● **Input data**:
BEGIN

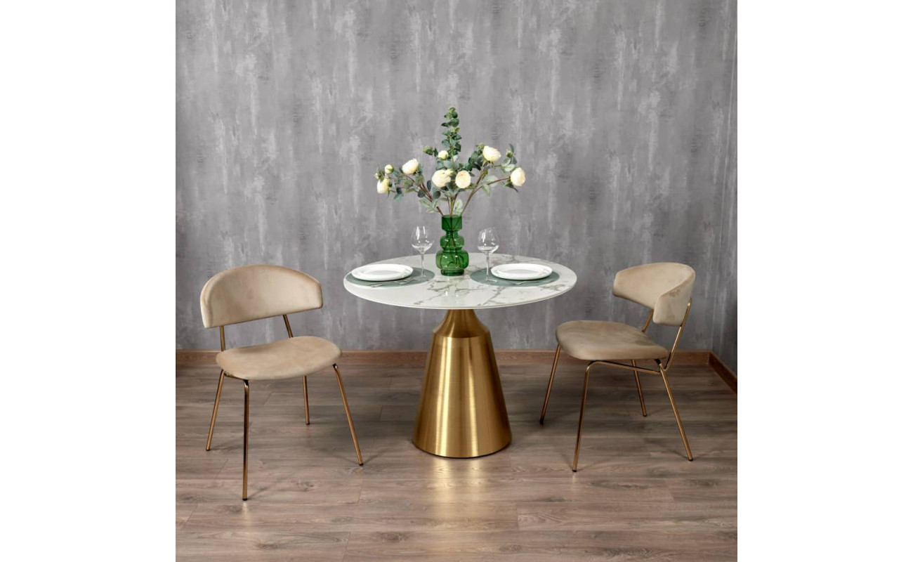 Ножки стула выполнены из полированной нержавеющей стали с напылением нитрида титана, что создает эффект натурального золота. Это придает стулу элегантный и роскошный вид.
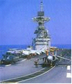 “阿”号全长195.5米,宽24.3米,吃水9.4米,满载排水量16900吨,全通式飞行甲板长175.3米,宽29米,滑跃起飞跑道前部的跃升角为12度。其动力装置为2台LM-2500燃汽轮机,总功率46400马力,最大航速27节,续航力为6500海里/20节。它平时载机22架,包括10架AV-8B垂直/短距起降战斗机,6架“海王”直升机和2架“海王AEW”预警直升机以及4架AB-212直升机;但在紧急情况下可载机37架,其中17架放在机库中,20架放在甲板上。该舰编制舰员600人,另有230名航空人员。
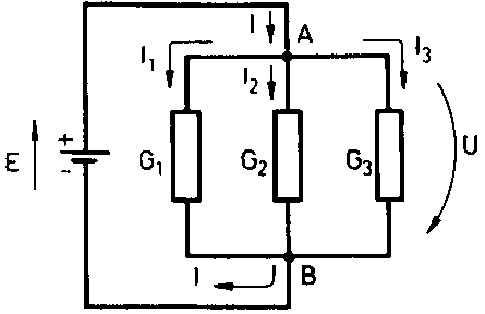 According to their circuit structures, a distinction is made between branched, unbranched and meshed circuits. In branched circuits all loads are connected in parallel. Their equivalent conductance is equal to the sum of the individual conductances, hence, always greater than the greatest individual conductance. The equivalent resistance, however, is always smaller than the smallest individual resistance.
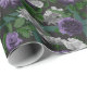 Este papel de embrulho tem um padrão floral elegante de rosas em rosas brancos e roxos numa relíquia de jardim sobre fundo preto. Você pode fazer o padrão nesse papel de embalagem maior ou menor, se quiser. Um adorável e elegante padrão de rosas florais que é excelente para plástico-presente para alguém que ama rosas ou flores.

END

● **Exercise directions**: Word for word, restate the lines from the first line of the material through the line containing "According to their", with the pictures left out.

● **The answer**:
 Ножки стула выполнены из полированной нержавеющей стали с напылением нитрида титана, что создает эффект натурального золота. Это придает стулу элегантный и роскошный вид.
 “阿”号全长195.5米,宽24.3米,吃水9.4米,满载排水量16900吨,全通式飞行甲板长175.3米,宽29米,滑跃起飞跑道前部的跃升角为12度。其动力装置为2台LM-2500燃汽轮机,总功率46400马力,最大航速27节,续航力为6500海里/20节。它平时载机22架,包括10架AV-8B垂直/短距起降战斗机,6架“海王”直升机和2架“海王AEW”预警直升机以及4架AB-212直升机;但在紧急情况下可载机37架,其中17架放在机库中,20架放在甲板上。该舰编制舰员600人,另有230名航空人员。
 According to their circuit structures, a distinction is made between branched, unbranched and meshed circuits. In branched circuits all loads are connected in parallel. Their equivalent conductance is equal to the sum of the individual conductances, hence, always greater than the greatest individual conductance. The equivalent resistance, however, is always smaller than the smallest individual resistance.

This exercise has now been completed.